Часть 18. Ни маска, ни лицо (2) (2/2)
«Так скоро». Белая фарфоровая кошечка, большая рыжеватая ракушка с резным краем, круглый зеленый камушек, гладко отшлифованный морем. Интересно, откуда? С какого побережья? Никогда она не видела в Перрос-Гиреке таких зеленых камней… Увидит ли еще когда-нибудь?
Она провела рукой по покрывалу на постели. Какой гладкий атлас. А эта картина на стене – первое, с чем встречался ее взгляд после пробуждения? Никогда она не уставала на нее смотреть. Закат над морем, розовые водные просторы, уходящие вдаль. Удивительная вода. Она как будто снова оказалась на том берегу, отец держал ее за руку… Эти розовые разводы в чистой голубизне – как удалось художнику так точно передать их? Кто же автор этого пейзажа? Почему она ни разу не спросила о нем у Эрика – а теперь уже поздно и бессмысленно задавать этот вопрос…
Его голос раскалился от ярости (и странно, но это почти утешало ее – ведь совсем скоро ярость сменится ледяным безразличием и даже презрением):
– Кристина, если вы сейчас же не выйдете ко мне, я войду к вам сам, и, клянусь, лучше бы вам не вынуждать меня это делать!
…да, порядок, царивший здесь, был ЕГО порядком – что одновременно возмущало и восхищало ее.
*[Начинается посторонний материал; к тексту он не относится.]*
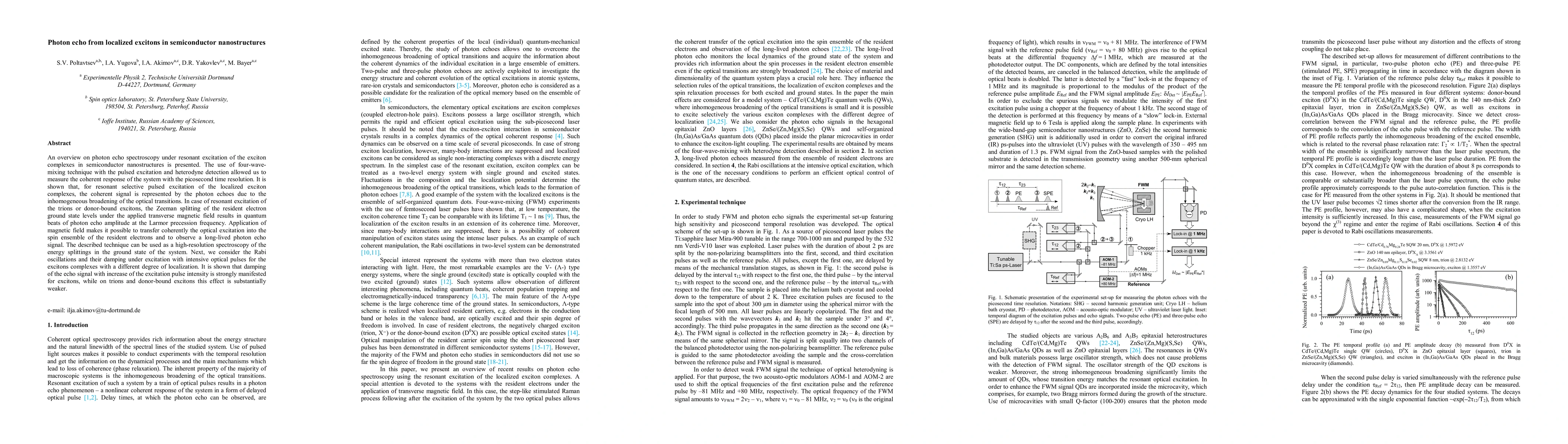 The paper discusses photon echo spectroscopy in semiconductor nanostructures using resonant excitation of exciton complexes. Employing four-wave-mixing with pulsed excitation and heterodyne detection, the study reveals picosecond-time-resolved coherent responses. It highlights that inhomogeneous broadening causes photon echoes, while Zeeman splitting in trions or donor-bound excitons under magnetic fields leads to quantum beats at Larmor frequency. The technique offers high-resolution energy splitting spectroscopy in the ground state and examines Rabi oscillations and damping under intense optical pulses for excitons of varying localization degrees.

Именно этим ей была дорога каждая деталь, каждый штрих. Свежие цветы на тумбочке каждый день – когда он успевал их менять? А высокие серебряные подсвечники по четырем углам комнаты? Он как будто стремился к свету тем отчаяннее, чем глубже от него прятался… Где, когда была пройдена ею точка невозврата? Как вернуться в прошлое и найти в нем себя?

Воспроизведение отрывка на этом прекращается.